* **About this task**: A verbatim transcription of the listing below is required, without its pictures.

* **Information provided**:

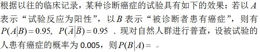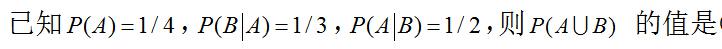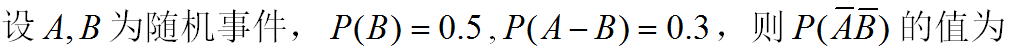 设事件A, B仅发生一个的概率为0.3,且P(A)=0.2, P(B)=0.3, 则P(B|A)的概率为
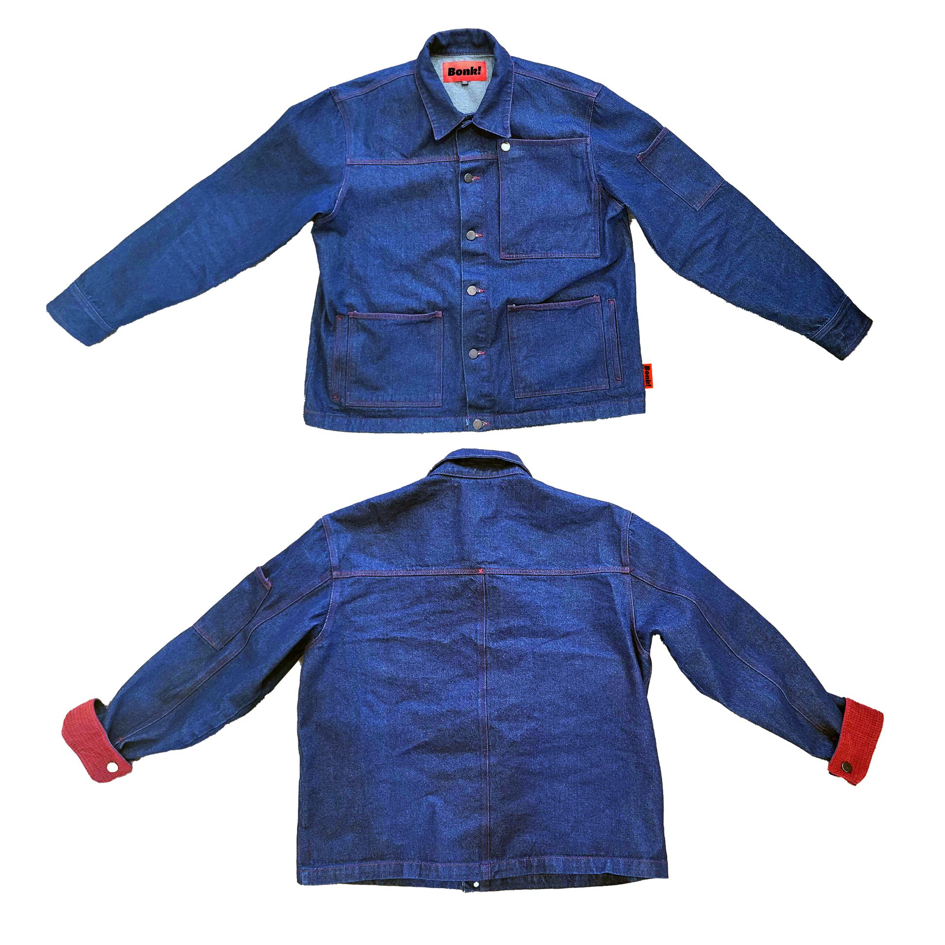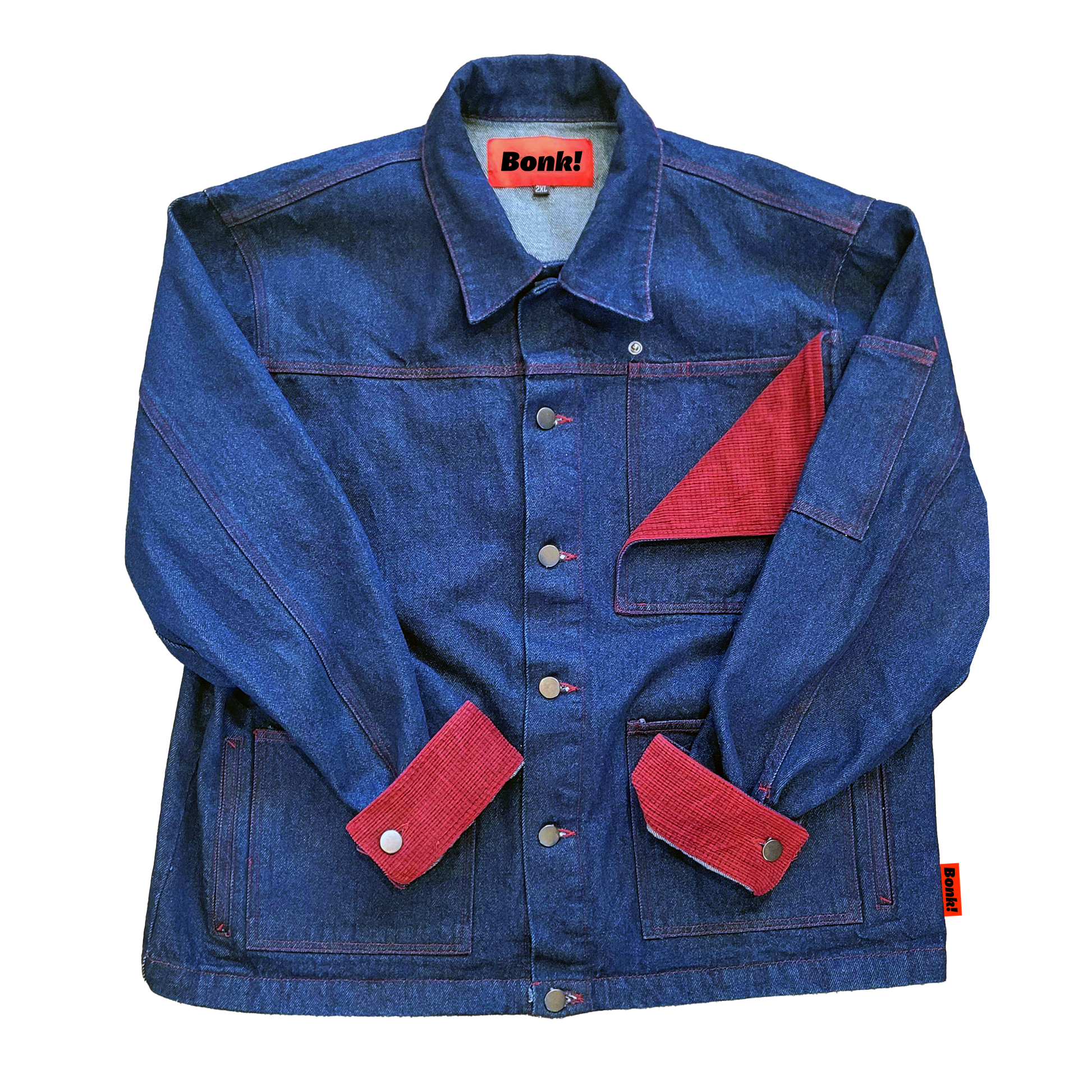 Embody hardworking grit and city wit with the Dapper Denim Utility Jacket. Made from 13.2 oz deep indigo denim, it holds enough pockets to stow your phone, your pen, and probably all your whims, too. Topped off with a magnetic pocket square and maroon stitching, it’s an artful salute to rebellion and refinement—odd is the new classic, indeed.
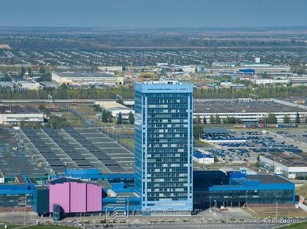 Градообразующее предприятие - завод "Автоваз". И этим все сказано. Завод занимает территорию 600 гектаров, площадь зданий предприятия - более 4 млн кв.м., с его строительством начался резкий прирост населения, так что история Тольятти это в основном история Автоваза. На территории завода есть 24 кпп. Только представьте себе... 24 пропускных пункта! Цеха сборки, сварки, покраски, разработки, стоянки и бог знает, чего еще. И на фоне всего этого великолепия возвышается здание заводоуправления
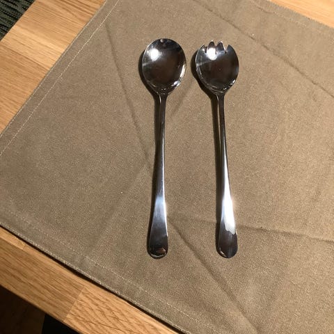 Kerran tai kaksi käytössä olleet Sheffield England salaattiottimet. Hiuksenhienoja käytön jälkiä voi esiintyä.

* **Expected output**:
 设事件A, B仅发生一个的概率为0.3,且P(A)=0.2, P(B)=0.3, 则P(B|A)的概率为
 Embody hardworking grit and city wit with the Dapper Denim Utility Jacket. Made from 13.2 oz deep indigo denim, it holds enough pockets to stow your phone, your pen, and probably all your whims, too. Topped off with a magnetic pocket square and maroon stitching, it’s an artful salute to rebellion and refinement—odd is the new classic, indeed.
 Градообразующее предприятие - завод "Автоваз". И этим все сказано. Завод занимает территорию 600 гектаров, площадь зданий предприятия - более 4 млн кв.м., с его строительством начался резкий прирост населения, так что история Тольятти это в основном история Автоваза. На территории завода есть 24 кпп. Только представьте себе... 24 пропускных пункта! Цеха сборки, сварки, покраски, разработки, стоянки и бог знает, чего еще. И на фоне всего этого великолепия возвышается здание заводоуправления
 Kerran tai kaksi käytössä olleet Sheffield England salaattiottimet. Hiuksenhienoja käytön jälkiä voi esiintyä.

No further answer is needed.